目が醒めれば、足元を水が流れる音だと思っていたそれは、風が木立を振るわせる音が天幕の外から漏れ聞こえてきていただけだった。
部隊と離れていたここ数日、屋根の下に寝泊まりしていたから、少し過敏になっているのかも知れない。そう思いながら寝直すのを何度か繰り返しているうちに、夜明けを告げる鳥の声とともに空は白み始め、じきに朝の交代のために起き始めた者たちの気配で、天幕の外が騒がしくなった。
岩山の撤去作業に関して話が進むまで、部隊はしばらく足止めだ。街道は周辺の人間の生活には欠かせない。それに、近隣の者らが、エルディエルの部隊からの頼みを無碍にするとも思えないので、今日中にはなにか進展があるだろうと、皆焦った様子もない。事が動き出せば力仕事が待っているから、皆今日は体力を温存しようとのんびり構えている。
朝食を終えると、手の空いているものが、小川まで馬を引いて水やりや水浴の準備を始めた。水を張った桶に木のおもちゃを浮かべてランジュを遊ばせながら、グランとエレムも作業を手伝っていたところへ、エスツファが部下達を伴ってやって来た。
「昼からサフアの町役場で、近隣の代表者達と話し合いがあるのだ。今回はおれがルキルアの代表として参加することになった」
だからって、なんで自分の所に来るのだ。と思ったのが顔に出たらしく、エスツファはにやりと笑みを見せた。
「その前に面白いことをやるらしいぞ。せっかくだから一緒にゆかぬか」
「面白いこと?」
「姫が退屈しているからと、町の者らが秋の収穫祭でやる出し物を見せてくれるのだそうだ」
「へぇ?」
「なんでしょうね? 演劇かな?」
笑顔でエレムが声を上げ、グランは少し考えるように首を傾げた。
ということはアルディラも居合わせるわけだ。正直、あまり気はすすまない。
だが、例の神代文字について聞きたいこともある。わざわざ約束を取り付けて会いに行くよりも、行ったついでにたまたま顔をあわせる形のほうが、大げさにならずにすむかもしれない。
山の中腹にありながら、サフアはとても水の豊かな町だ。
町の背後には、この山地一帯の中でも特に標高の高い山がある。そのため、山からの湧き水も豊かなのだという。その裏側は枯れ谷だというのに、不思議なものだ。
町に入るとまず目につくのは、目の前を横切る小川と、その上にかかる白い橋だ。

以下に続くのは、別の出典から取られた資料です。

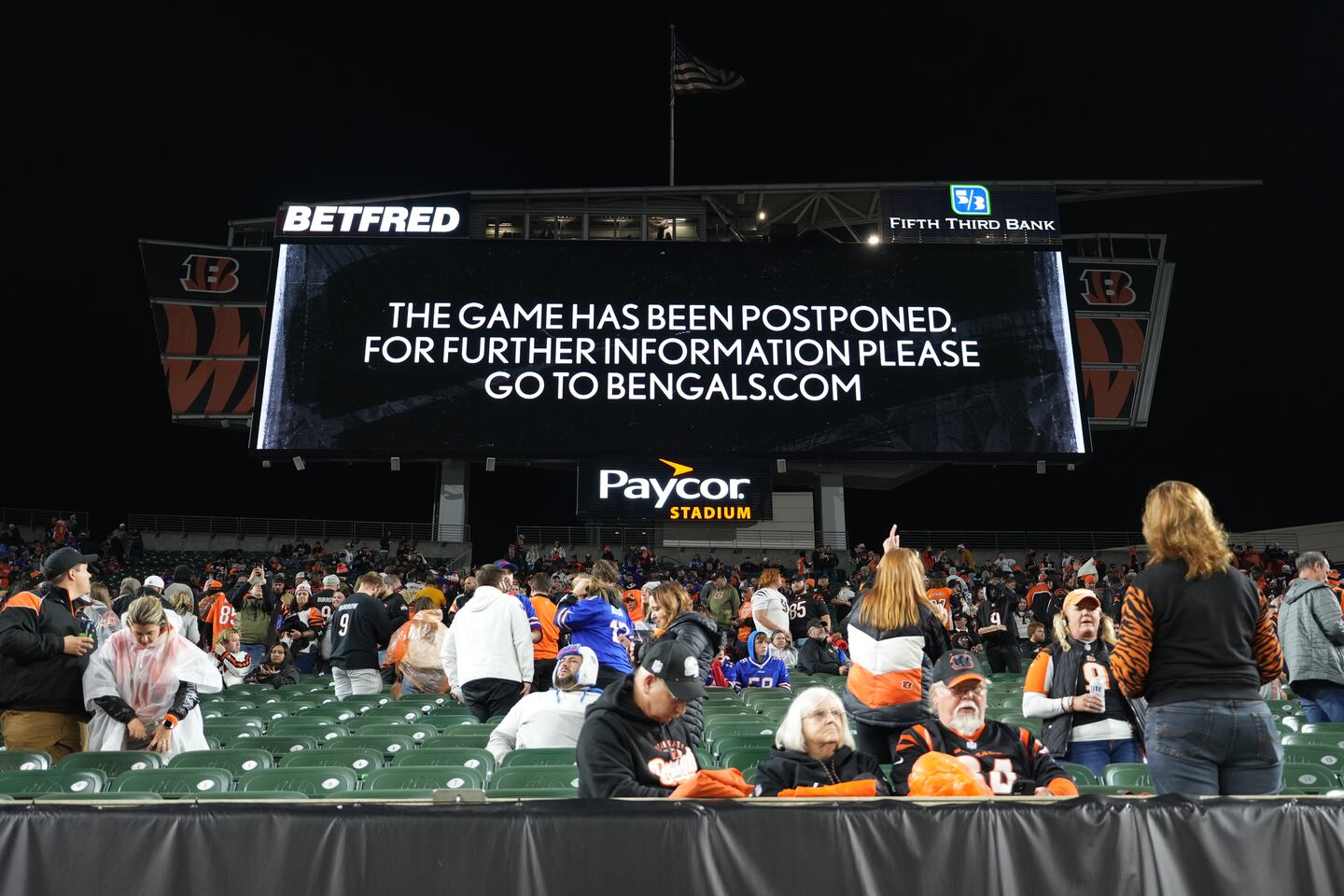 The game was delayed and ultimately postponed. Hamlin was rushed to a hospital for treatment.

山の中腹にあり、背後が緑鮮やかな山並みなのも相まって、きらきらと輝く小川は、水に恵まれた美しい町だと見る者に印象づける。
白い橋は川を渡るとそのまま石畳につながり、町の中央へつながる大通りであることを示していた。
小さな町は想像以上に賑わっていた。収穫祭のだしものをやると聞きつけ、住人や近隣の者たちが便乗して、通り沿いに土産物や食べ物の屋台をだしているようだ。

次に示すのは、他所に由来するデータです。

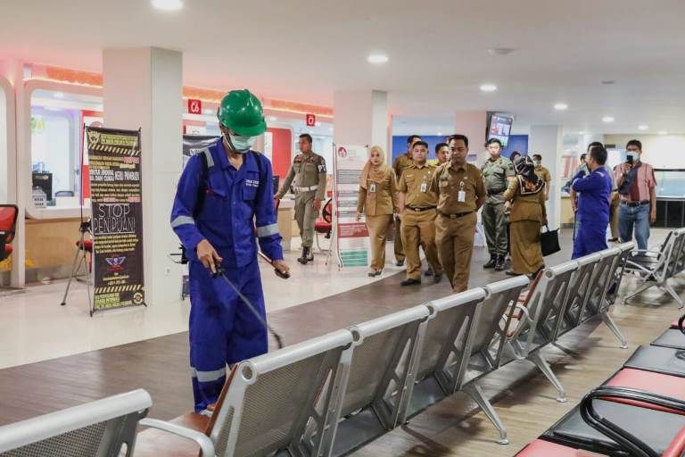 Senin 16 Maret 2020 pagi seluruh ruangan dan loket pelayanan yang ada di MPP Pekanbaru disemprot dengan cairan desinfektan.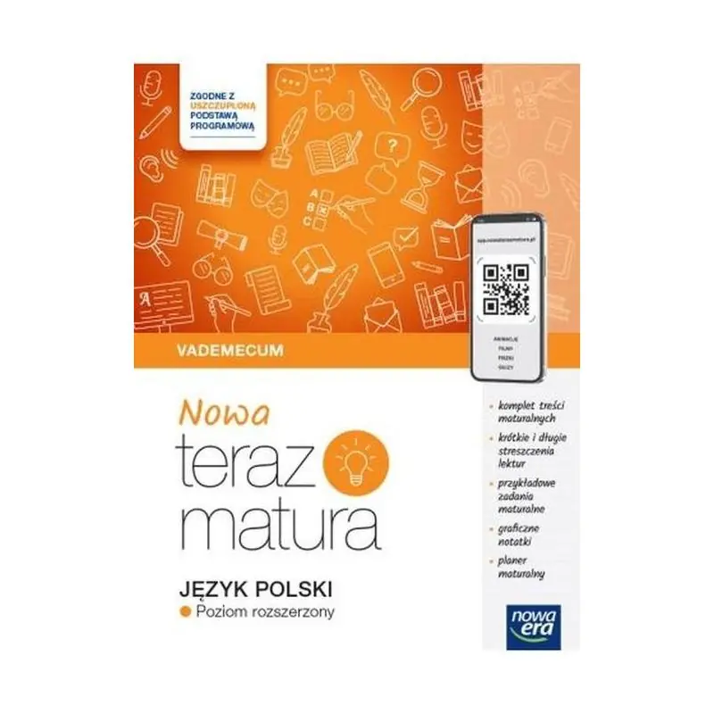 Vademecum „NOWA Teraz matura. Język polski” pozwala powtórzyć treści przedmiotowe oraz zapoznać się ze sposobami rozwiązywania zadań egzaminacyjnych. Zgodne z uszczuploną podstawą programową. komplet wymaganej teorii i wiedzy o lekturach w jednym miejscu dostęp do materiałów cyfrowych, m.in.: quizów i animacji do lektur, fiszek i filmów

収穫祭といえば酒がつきものだから、目端の利く者などは樽ごと外に持ち出して、酒の杯売りまでやっている。肉を焼くいい匂いまで流れてきて、広場へ続く大通りは既に多くの人出で活気づいている。
エルディエルの公女になにかあっては大変と、衛兵達は緊張した様子だが、住人や訪問者にはそんなものは関係のないことだ。気の早い夏祭りのような雰囲気になっていて、様子を見ながら歩いているだけでも面白い。
「ちょっと前に通ったエルペネの町の方が規模は大きいという話だが、ここはここでなかなか賑わっているのだな」
「街道の本筋ですからね。東から山を越えてきた人たちは、ここでほっとしたいでしょうし」
先を歩くエスツファと同じように、辺りを見回しながらエレムが答える。この人混みの中でも、異国の兵の一団は目立つらしく、酒や食べ物を手にした多くの者たちが物珍しそうにこちらを伺っている。ましてやその中で一番大柄で偉そうな者の横を、白い法衣姿の若者と上から下まで真っ黒な傭兵が歩いているので、かなり人目を引くようだ。
「道がふさがって足止めされてるヤツも多いんじゃねぇの」
「そうでしょうねぇ。この街道使わず東に向かうには、川を使う以外にないようですし、船に乗るにはエルペネよりも西に戻らないといけませんからね」
「ならなおさら、復旧を急がねば、通行する者たちからの陳情がひどくなりそうであるな」
エスツファは機嫌良さそうに自分の顎を撫でている。その方が、作業の同意が取り付けやすくて都合がいいのだろう。
黒いマントをなびかせ、大柄な異国の将官が通るものだから、通行人はごく自然に道をあける。そしてすれ違うときになって、揃って同じような顔で二度見する。その肩に、一〇歳ほどの少女をのせているからだ。
肩に座らされたランジュはエスツファの頭にしがみついて、きゃっきゃっと歓声を上げていた。いつもはエレムが手を引いているから、人混みを高い場所から見渡せるのが面白いらしい。
石畳の敷かれた大通りの、つきあたりが町の広場になっていた。話を聞きつけた者らが、石畳で覆われた円形の広場をぐるりと取り囲んでいる。楽隊が軽快な音楽を奏で、気の早いお祭り雰囲気が周囲を更にわきたたせていた。
「あ、あれかな? なにやるんでしょうね」
広場の中央にあるものを見て、エレムがにこにこと声を上げた。